A grasp on reality forced me to crash from my completely unhealthy high of nitpicking for excellence. Homework didn't take hours of drills. Hanging out with friends didn't mean putting on a facade of who I thought they wanted me to be. (My Kindergarten report card actually reads perfectionist and people-pleaser - a soul-sucking combination if there ever was one). Every and any act of creation never had to be so damn stressful. It was okay to make mistakes.
Did the epiphany work its miraculous Create-With-Ease spell on me? Not exactly. My mind still wants me to draw like Van Gogh whenever I attempt to cartoon, write any one of book ideas without a first draft, and judges my every move when I'm running errands or going to school hoping my outside appearance looks practically perfect. For as hard as it is sometimes to muddle through erasing, deleting, and harnessing more confidence, it's good to have those reminders because many people don't. Those kinds of tools are blind to them. Being overconsumed by the prospect of failing, many don't try. Or the process takes many more steps than they could've ever imagined, so it feels best to back out before the going gets tougher.
I guess what I buried around the time of Hoffman's passing and where all of this is coming from is the unspeakable condemning tweets made by actor Jared Paledecki. I won't recite what he wrote because there's google for that. But to scorn and doubt the suffering someone, anyone, either a famous actor or an artist surviving from selling one block of canvas after another, enraged me more than I imagined. I don't know the suffering someone and his/her loved ones goes through with substance addiction, but an emotional / mental one is just as hard to break. For someone who suffered from perfectionism almost like an addiction, an uncontrollable harsh defense mechanism and survival tactic that demolished me mentally, emotionally and physically...Something needed to be said.
We reconcile and recognize people from what they make available to us through their artwork - irrefutably a part of their soul, heart, time, energy, mind. We will never know the long-suffering lives artists lead behind the curtains. We may never know the pain artists cause when they are under the fog of addiction. The fear of failure, of hard work not paying off, of inner demons taking control, of being abused by your colleagues, of being guided by other artists with the worst intentions, of falling for all the wrong kinds of so-called supporters - skepticism, reluctance, that little bit of hesitation that catches on an exhale before your start anything and doesn't release until you're finished - it's all a hurdle people tackle.

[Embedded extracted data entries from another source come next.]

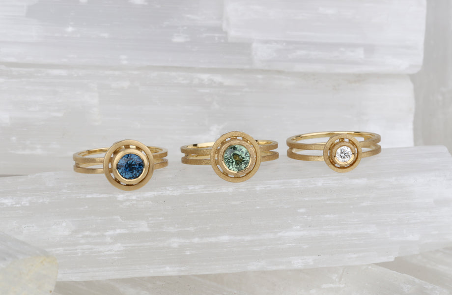 A softer version of our Symmetry style solitaire rings can be found in our Horizon Collection. Here, round wire is fabricated to create layered structure and detail while using the open compass setting. These can only be made with a round centre stone due to the complication of the construction of the setting surround. We have made many beautiful customised colourways of our Horizon Halo Ring.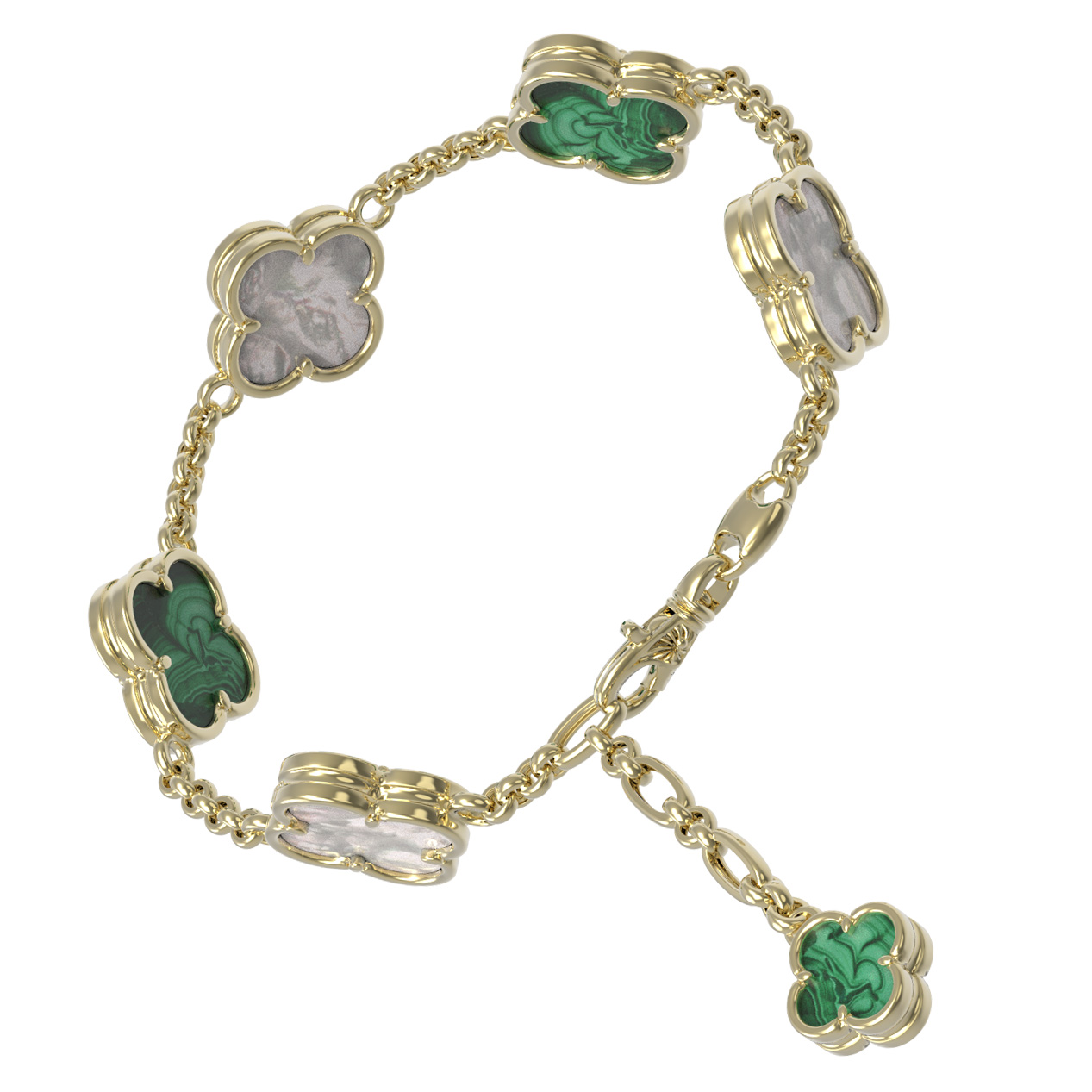 Браслет из лимонного золота c малахитом и перламутром
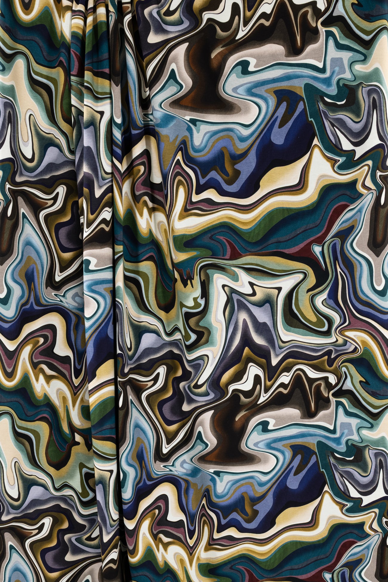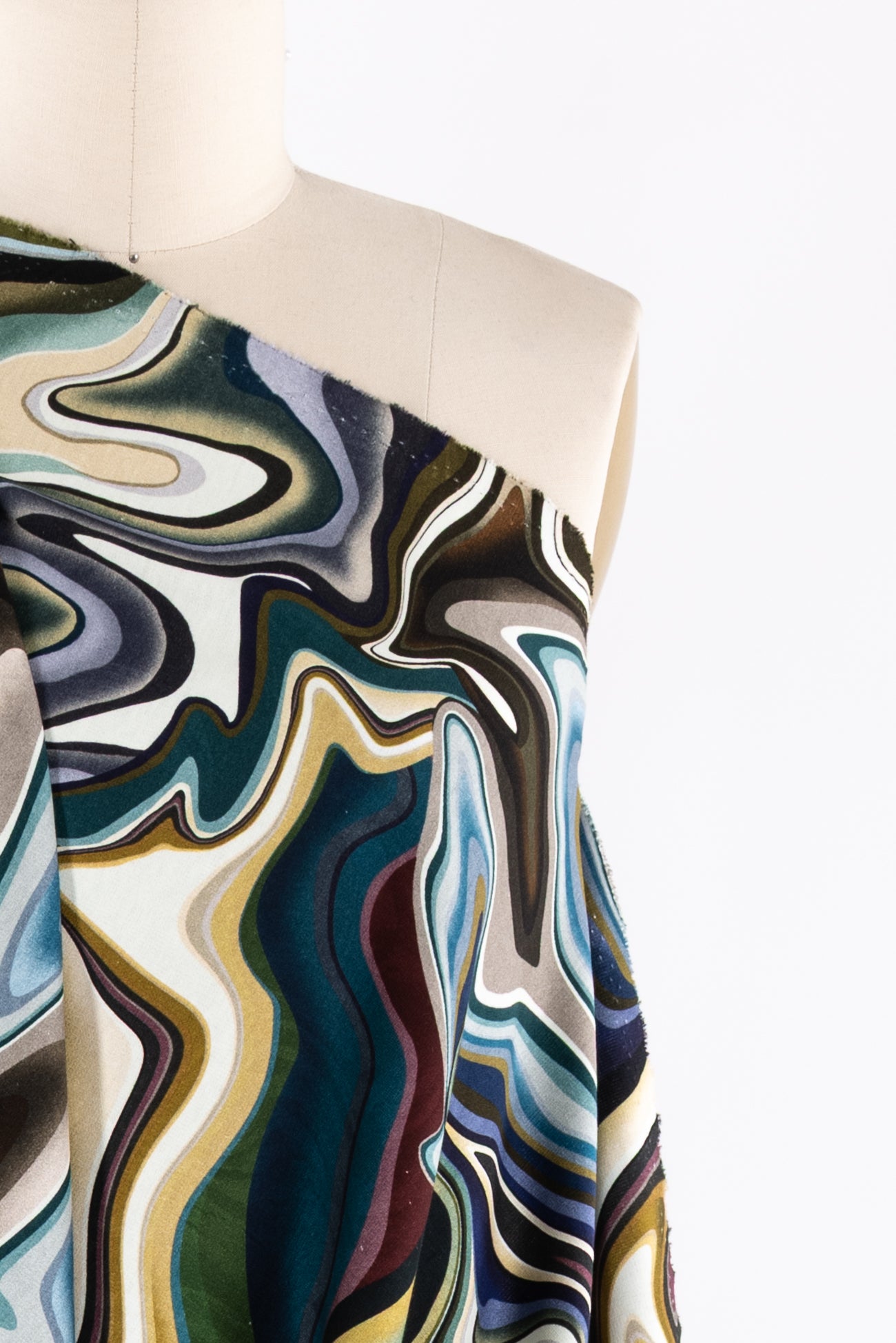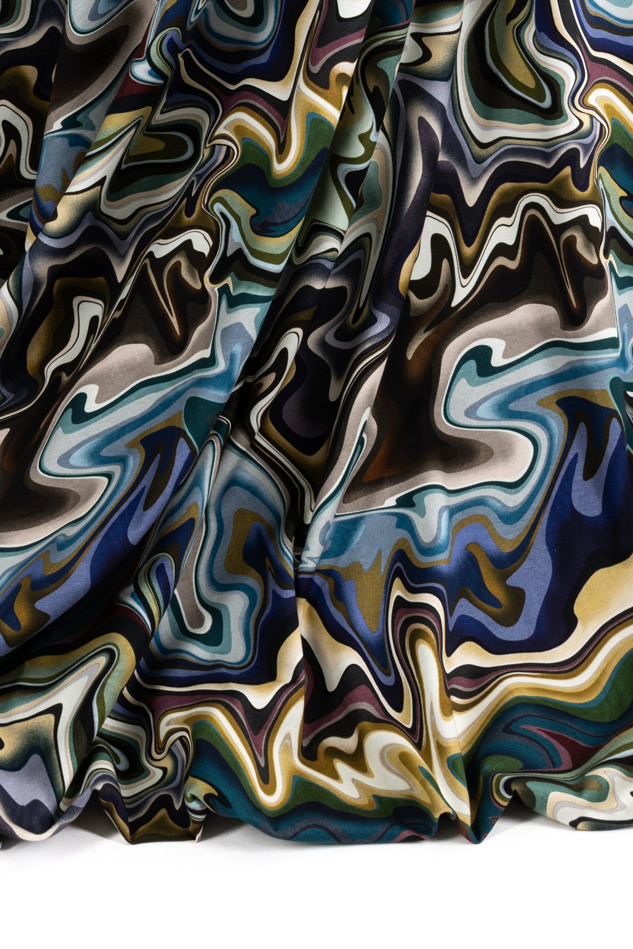 Stunning digital marbled print in fluid shades of blue, ochre, green, aubergine and black on a impeccable quality cream ponte double knit, deadstock from an Italian mill. Printed ponte is rare and this one is outstanding! Mid/light weight, with a soft dry hand, fluid drape, 26¼" repeat and crosswise stretch. Stable, no rolling at the cut edge, easy to sew and will skim the body in a flattering way. Right for both tops and bottoms; dress, tunic, t-shirt, skirt, jacket, light coat, hoodie, pants, jumpsuit, kimono or caftan. Limited quantity.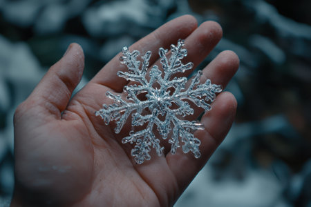 A hand holding a snowflake made of clear plastic. The snowflake is small and delicate, and the hand is holding it gently. Concept of wonder and appreciation for the beauty of nature

For different reasons, it propels many of the greats. It unfortunately eats way at many others.
Creation is persistence, hard work, imagination, innovation, process, double checking, triple checking, blood, sweat, tears, barreling through naysayers (both real and in your head), faith, passion, more persistence. Doubts, hesitation, indecision, rejection, control, perfectionism, addiction - rarely does one ever destroy someone on its own without another enemy of the mind or body tiptoeing closely behind. Creating is hard. I survive now mostly by cringing over my keyboard slamming on the backspace - because at least there's that. Barely.